### What is being asked
Setting pictures aside, output exactly the lines from the start of the records to the line with "Foto1: Mit Spraydosen", that line included.

### Source data

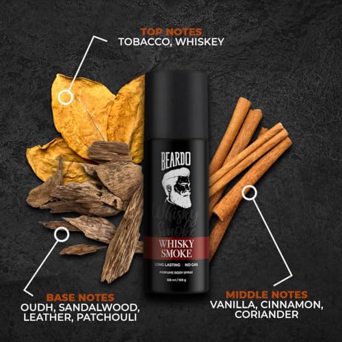• Pour yourself a brilliantly boozy concoction in the form of Beardo Whiskey Smoke Body Spray. Its unique and intense aroma is sure to raise your bar (pun intended!) This utterly masculine fragrance is strong & long-lasting. Be a new kind of outlandish with
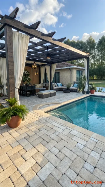 Place the pergola parallel to the pool for clean sightlines. Add outdoor curtains for privacy and softness. Use a ceiling fan to keep air moving.
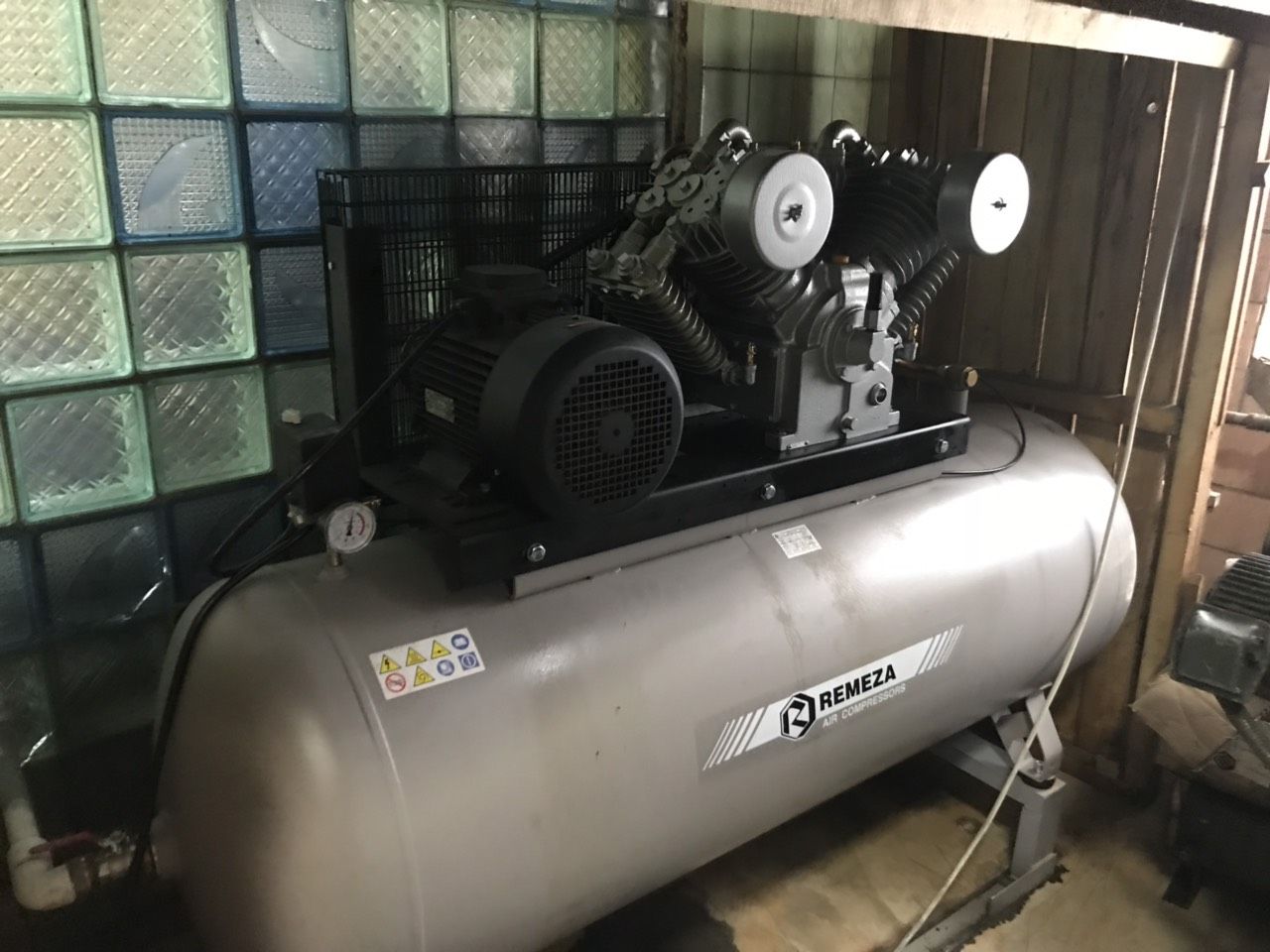 Провели диагностику и обслуживание поршневого компрессора Remeza 500LT100. Заменили фильтра и масло, настройку давления для производства заказчика.
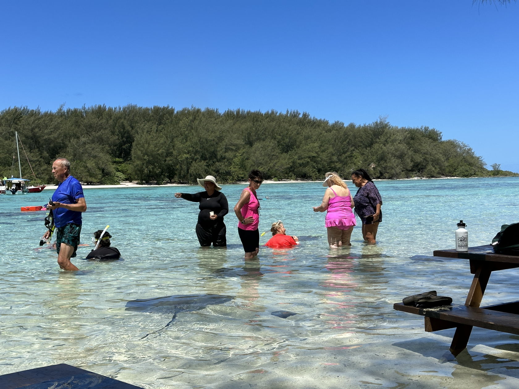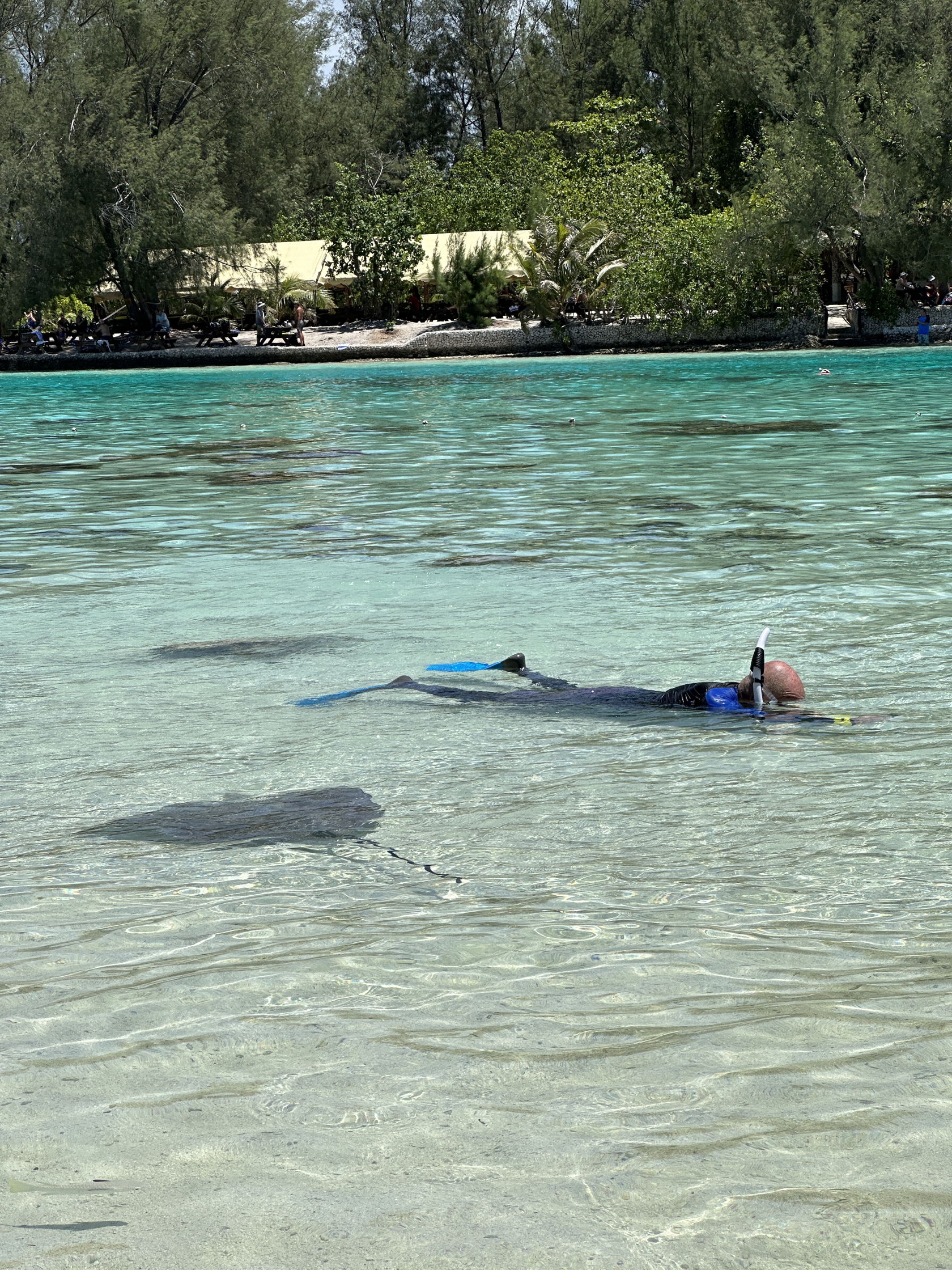 We discovered, after we arrived and waded ashore, that they feed bread crumbs to the rays that are numerous at the site. We didn’t like this since the rays are large and have sharp stingers (that no one mentioned) and the food also drew in some Black-tipped reef sharks. Small, but…anything with a mouth can bite…
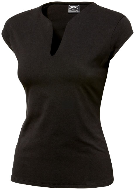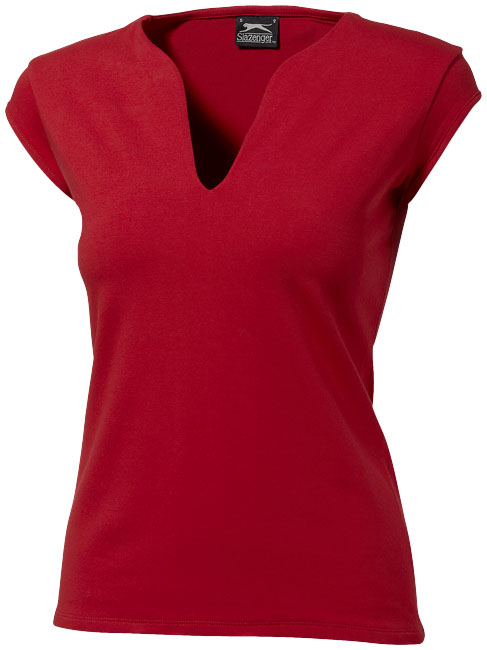 Rally dames T-shirt. Modieuze halsvorm.Zijnaden.Dubbellaags voorzijde.Nektape in dezelfde stof en binding op de mouwen.Tone on tone Slazenger logo op rechterschouder. Single jersey van 95% katoen en 5% elasthaan. Gewicht 170-180g/m².
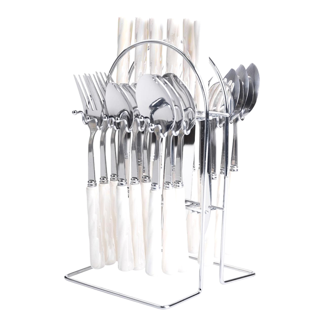 Набір столових приборів на підставці 24 предмети з керамічними ручками Сріблястий Yiwu HP-20-50
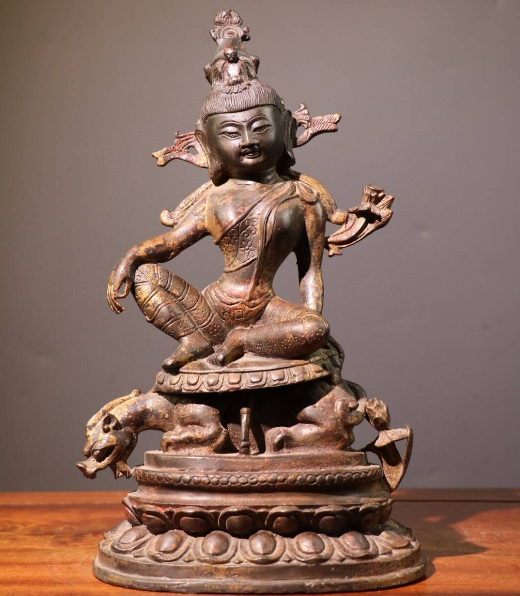 > 旧蔵 清 純銅泥金 朱砂老仏像 自在観音菩薩一尊 仏像 奉納されていた 供養品 銅製品 銅器 極細工 中国古玩 古美術 骨董品 201-13
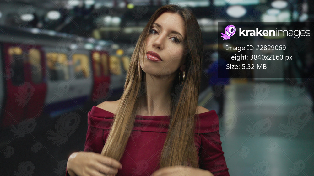 Woman adjusts hair behind her ears while standing on platform in a train station building; calmness.
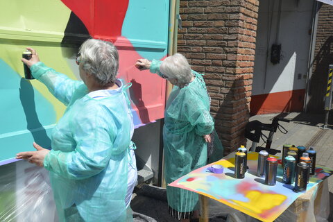 Foto1: Mit Spraydosen am Werk: Gäste der Tagespflege Wiesenviertel als Graffiti-Künstler.
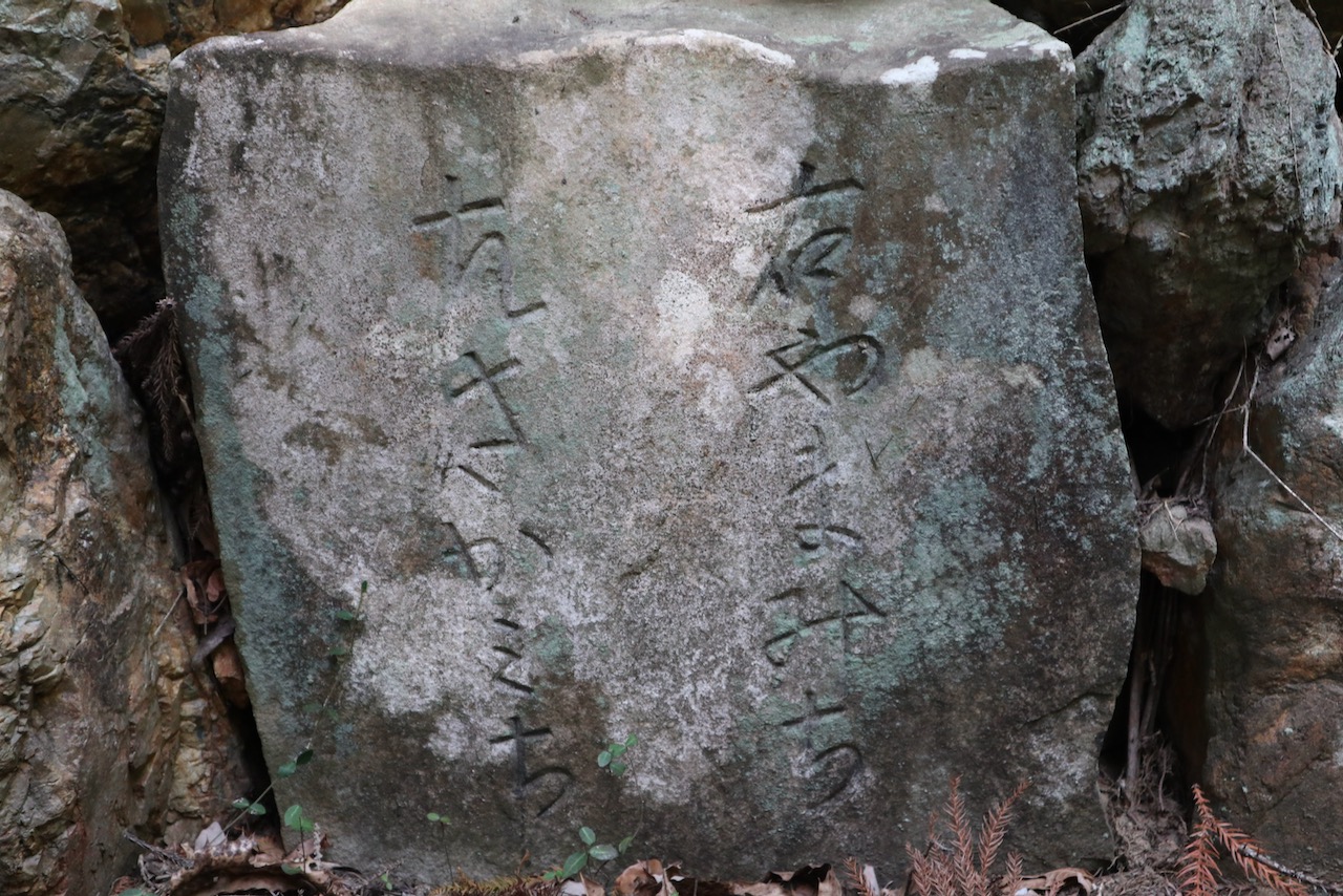 分かれ道の角に建っている祠の前に「右やまみち 左さかみち」と彫られた石が立っています。どちらに行っても山道だし、坂道なのにね(笑)。これをわざわざ彫った人は何を思っていたのかしら?? うーん、おかしいぞ。
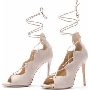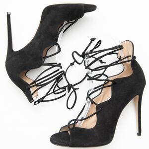 M. Gemi Designer The Marea Black Suede Strappy Stilletto Heels Size 37.5 US 7
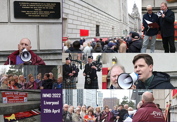 This year's speakers were, Felicity Dowling on the Covid Pandemic, and Lesley Mahmood speaking on the abolition of the #NHS and the principle of universal healthcare. Jamie McGovern spoke on the need for worker's suicide prevention. The meeting was again chaired by Roger Philips. You can watch all three speakers by using the links below: On International Worker’s Memorial Day We Will Now Commemorate The Death Of The NHS - Lesley Mahmood IWMD 2022 Liverpool - The Criminality Of The Tory Covid Profiteering That Cost Lives - Felicity Dowling IWMD 2022 Liverpool Event Announces CWU Campaign On Workplace Suicide Prevention - Jamie McGovern
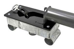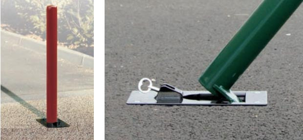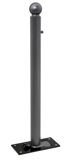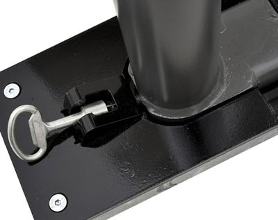 Son système de verrouillage à clé triangle permet une fixation rigide en position haute et empêche l'accumulation de débris lorsque le potelet est en position basse.

### Response to this task
• Pour yourself a brilliantly boozy concoction in the form of Beardo Whiskey Smoke Body Spray. Its unique and intense aroma is sure to raise your bar (pun intended!) This utterly masculine fragrance is strong & long-lasting. Be a new kind of outlandish with
 Place the pergola parallel to the pool for clean sightlines. Add outdoor curtains for privacy and softness. Use a ceiling fan to keep air moving.
 Провели диагностику и обслуживание поршневого компрессора Remeza 500LT100. Заменили фильтра и масло, настройку давления для производства заказчика.
 We discovered, after we arrived and waded ashore, that they feed bread crumbs to the rays that are numerous at the site. We didn’t like this since the rays are large and have sharp stingers (that no one mentioned) and the food also drew in some Black-tipped reef sharks. Small, but…anything with a mouth can bite…
 Rally dames T-shirt. Modieuze halsvorm.Zijnaden.Dubbellaags voorzijde.Nektape in dezelfde stof en binding op de mouwen.Tone on tone Slazenger logo op rechterschouder. Single jersey van 95% katoen en 5% elasthaan. Gewicht 170-180g/m².
 Набір столових приборів на підставці 24 предмети з керамічними ручками Сріблястий Yiwu HP-20-50
 > 旧蔵 清 純銅泥金 朱砂老仏像 自在観音菩薩一尊 仏像 奉納されていた 供養品 銅製品 銅器 極細工 中国古玩 古美術 骨董品 201-13
 Woman adjusts hair behind her ears while standing on platform in a train station building; calmness.
 Foto1: Mit Spraydosen am Werk: Gäste der Tagespflege Wiesenviertel als Graffiti-Künstler.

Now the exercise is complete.